=== DATA PROVIDED ===

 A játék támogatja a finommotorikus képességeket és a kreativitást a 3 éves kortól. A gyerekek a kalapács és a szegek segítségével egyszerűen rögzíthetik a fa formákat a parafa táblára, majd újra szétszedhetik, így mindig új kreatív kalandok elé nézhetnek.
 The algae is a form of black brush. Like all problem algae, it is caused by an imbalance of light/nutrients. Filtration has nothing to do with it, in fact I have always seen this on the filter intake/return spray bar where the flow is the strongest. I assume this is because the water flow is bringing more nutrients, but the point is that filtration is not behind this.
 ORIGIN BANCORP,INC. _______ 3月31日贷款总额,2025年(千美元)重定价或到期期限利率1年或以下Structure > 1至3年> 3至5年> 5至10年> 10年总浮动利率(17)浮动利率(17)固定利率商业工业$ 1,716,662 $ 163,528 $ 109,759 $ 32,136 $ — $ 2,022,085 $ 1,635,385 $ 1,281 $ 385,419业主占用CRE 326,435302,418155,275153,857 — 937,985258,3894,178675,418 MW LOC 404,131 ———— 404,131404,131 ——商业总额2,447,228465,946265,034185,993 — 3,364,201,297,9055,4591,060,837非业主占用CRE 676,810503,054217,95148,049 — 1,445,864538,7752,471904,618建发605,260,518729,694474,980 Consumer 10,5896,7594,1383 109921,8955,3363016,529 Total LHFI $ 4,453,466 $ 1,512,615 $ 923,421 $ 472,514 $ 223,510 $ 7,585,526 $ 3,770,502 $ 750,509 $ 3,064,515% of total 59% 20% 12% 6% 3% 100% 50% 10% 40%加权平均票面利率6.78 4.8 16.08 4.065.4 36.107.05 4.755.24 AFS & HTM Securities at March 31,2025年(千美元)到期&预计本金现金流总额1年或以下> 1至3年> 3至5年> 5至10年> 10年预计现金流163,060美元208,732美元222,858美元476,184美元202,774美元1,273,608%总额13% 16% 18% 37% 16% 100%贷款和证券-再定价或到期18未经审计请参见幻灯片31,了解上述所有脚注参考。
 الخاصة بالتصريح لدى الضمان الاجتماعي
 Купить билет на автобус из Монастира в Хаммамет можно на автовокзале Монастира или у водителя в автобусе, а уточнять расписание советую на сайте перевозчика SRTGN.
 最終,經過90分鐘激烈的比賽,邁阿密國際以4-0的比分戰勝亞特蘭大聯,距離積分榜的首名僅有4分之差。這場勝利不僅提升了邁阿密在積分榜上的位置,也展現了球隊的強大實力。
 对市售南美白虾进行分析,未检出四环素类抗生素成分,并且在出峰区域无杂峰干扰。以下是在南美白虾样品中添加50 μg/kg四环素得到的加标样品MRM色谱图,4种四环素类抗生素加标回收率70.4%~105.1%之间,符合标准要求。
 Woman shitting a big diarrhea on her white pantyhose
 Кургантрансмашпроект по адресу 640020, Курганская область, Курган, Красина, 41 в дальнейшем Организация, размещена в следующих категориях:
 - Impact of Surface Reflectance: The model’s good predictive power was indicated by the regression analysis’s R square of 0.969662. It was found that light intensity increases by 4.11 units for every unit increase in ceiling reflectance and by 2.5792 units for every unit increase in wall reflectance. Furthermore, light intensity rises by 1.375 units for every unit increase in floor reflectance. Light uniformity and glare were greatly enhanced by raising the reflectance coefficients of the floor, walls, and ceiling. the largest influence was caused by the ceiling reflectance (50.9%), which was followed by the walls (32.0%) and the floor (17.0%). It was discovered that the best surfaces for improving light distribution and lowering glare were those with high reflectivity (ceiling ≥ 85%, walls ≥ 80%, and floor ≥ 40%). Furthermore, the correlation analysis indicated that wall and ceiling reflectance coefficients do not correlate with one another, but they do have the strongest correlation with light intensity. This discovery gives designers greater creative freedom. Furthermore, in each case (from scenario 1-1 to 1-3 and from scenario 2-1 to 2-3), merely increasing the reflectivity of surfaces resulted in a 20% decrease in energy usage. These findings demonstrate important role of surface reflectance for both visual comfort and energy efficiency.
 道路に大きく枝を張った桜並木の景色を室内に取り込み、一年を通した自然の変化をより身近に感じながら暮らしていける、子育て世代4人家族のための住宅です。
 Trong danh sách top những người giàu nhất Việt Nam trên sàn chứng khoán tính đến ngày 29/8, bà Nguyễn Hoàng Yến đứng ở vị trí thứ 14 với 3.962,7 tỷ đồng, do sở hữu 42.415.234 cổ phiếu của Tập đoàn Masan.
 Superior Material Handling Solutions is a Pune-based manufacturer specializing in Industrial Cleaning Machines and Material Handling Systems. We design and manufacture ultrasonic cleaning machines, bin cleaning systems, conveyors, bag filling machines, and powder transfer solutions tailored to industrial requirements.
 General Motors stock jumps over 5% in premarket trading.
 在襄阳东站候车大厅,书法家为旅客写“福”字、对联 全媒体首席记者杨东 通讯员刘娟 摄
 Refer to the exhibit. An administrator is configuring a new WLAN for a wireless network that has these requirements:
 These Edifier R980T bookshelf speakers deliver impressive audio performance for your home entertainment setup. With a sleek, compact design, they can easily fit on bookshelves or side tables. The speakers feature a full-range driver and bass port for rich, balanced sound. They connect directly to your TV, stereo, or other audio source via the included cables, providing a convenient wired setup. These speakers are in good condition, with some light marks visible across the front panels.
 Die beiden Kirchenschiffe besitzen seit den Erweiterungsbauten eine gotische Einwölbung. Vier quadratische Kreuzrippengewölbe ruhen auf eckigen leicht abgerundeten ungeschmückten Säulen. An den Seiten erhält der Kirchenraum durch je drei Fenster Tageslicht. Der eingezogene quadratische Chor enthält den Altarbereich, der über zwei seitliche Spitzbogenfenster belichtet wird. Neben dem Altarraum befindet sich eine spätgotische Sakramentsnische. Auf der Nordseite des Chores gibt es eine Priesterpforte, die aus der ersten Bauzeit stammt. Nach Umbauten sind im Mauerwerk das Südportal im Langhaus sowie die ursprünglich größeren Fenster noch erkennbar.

===

◆ **WHAT TO DO**
Take the records above and return, word for word, only the lines that fall from the line with "Refer to the" to the line with "These Edifier R980T", both of them included.

◆ **THE ANSWER**
 Refer to the exhibit. An administrator is configuring a new WLAN for a wireless network that has these requirements:
 These Edifier R980T bookshelf speakers deliver impressive audio performance for your home entertainment setup. With a sleek, compact design, they can easily fit on bookshelves or side tables. The speakers feature a full-range driver and bass port for rich, balanced sound. They connect directly to your TV, stereo, or other audio source via the included cables, providing a convenient wired setup. These speakers are in good condition, with some light marks visible across the front panels.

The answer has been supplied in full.